An exact copy of the records below is required, and it must contain no pictures.

DATA FOR THIS TASK
++++

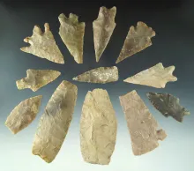 Set of seven Montell points found in Texas, largest is 2 3/4". |
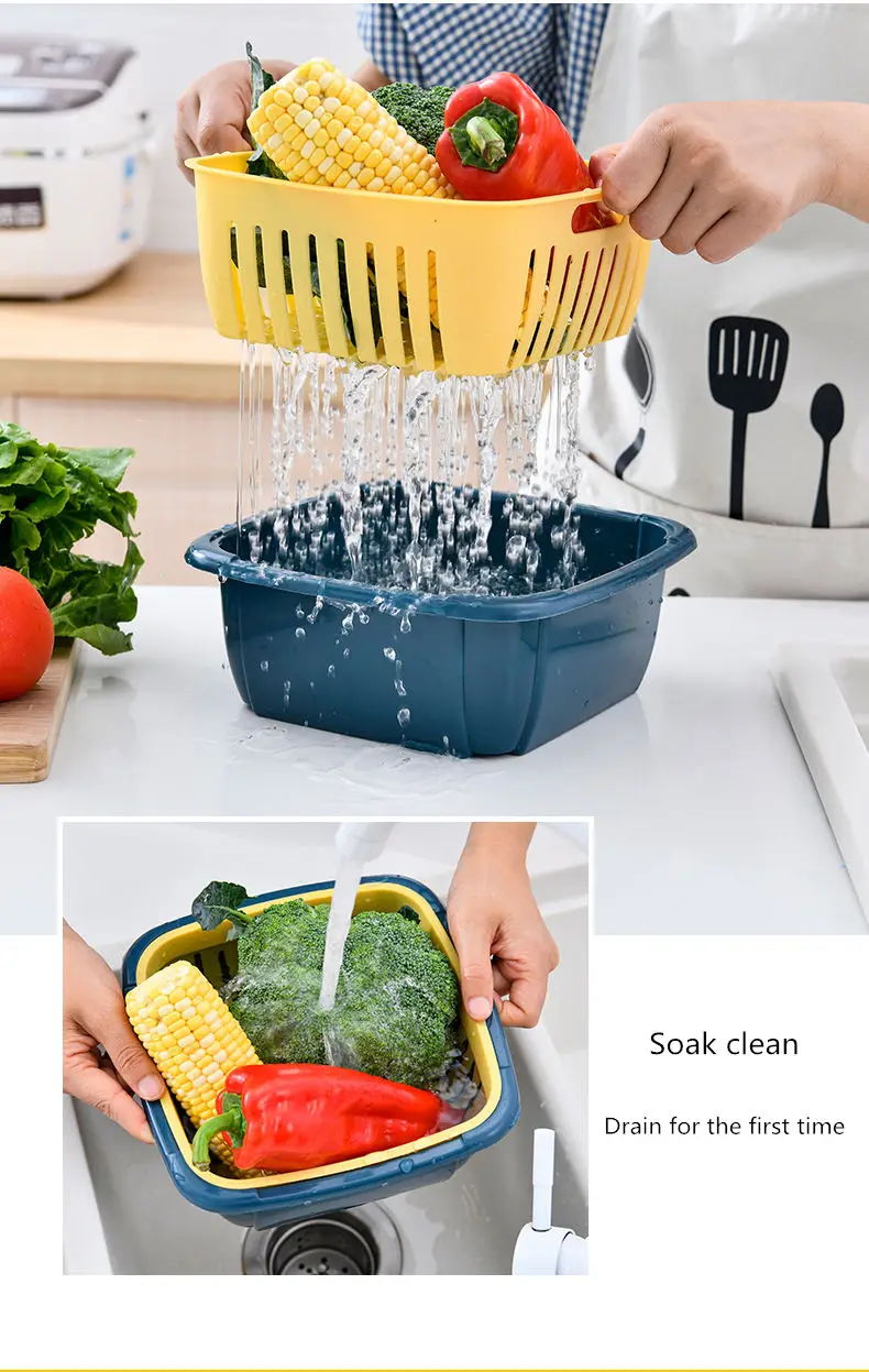 2 в 1, закрытый сеткой слив с крышкой для хранения холодильника, коробка для хранения свежести, многоцелевая корзина для хранения овощей и фруктов для кухни
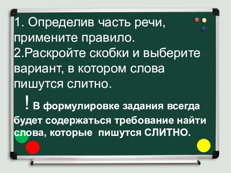 1. Определив часть речи, примените правило.
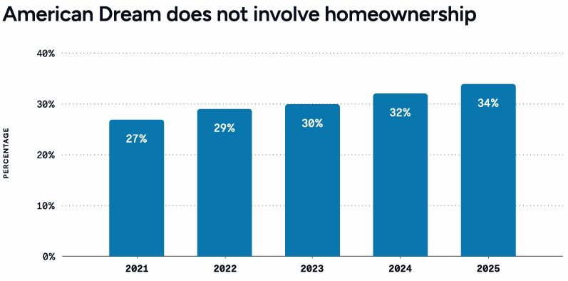 - The share of renters living with non-family, non-partner roommates continued its steady decline, dropping to 19% in 2025 from about 22% in 2022. This trend mirrors a broader cultural shift: singlehood in the U.S. has been rising for decades, reshaping household formation and what adulthood looks like for many Americans.
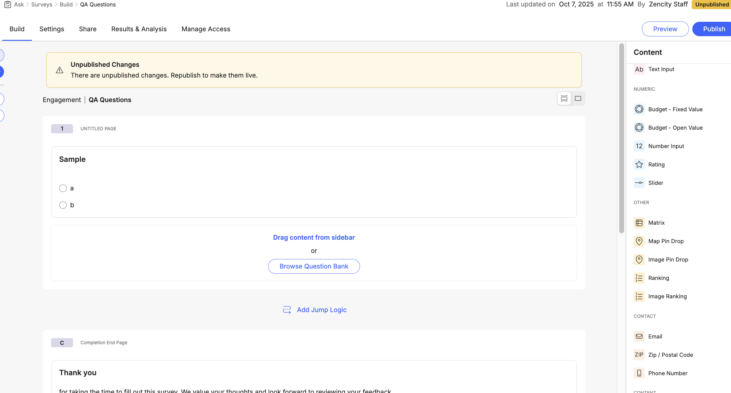- Navigate to Ask > Surveys > Build select your survey

++++

TASK RESULT
 Set of seven Montell points found in Texas, largest is 2 3/4". |
 2 в 1, закрытый сеткой слив с крышкой для хранения холодильника, коробка для хранения свежести, многоцелевая корзина для хранения овощей и фруктов для кухни
 1. Определив часть речи, примените правило.
 - The share of renters living with non-family, non-partner roommates continued its steady decline, dropping to 19% in 2025 from about 22% in 2022. This trend mirrors a broader cultural shift: singlehood in the U.S. has been rising for decades, reshaping household formation and what adulthood looks like for many Americans.
- Navigate to Ask > Surveys > Build select your survey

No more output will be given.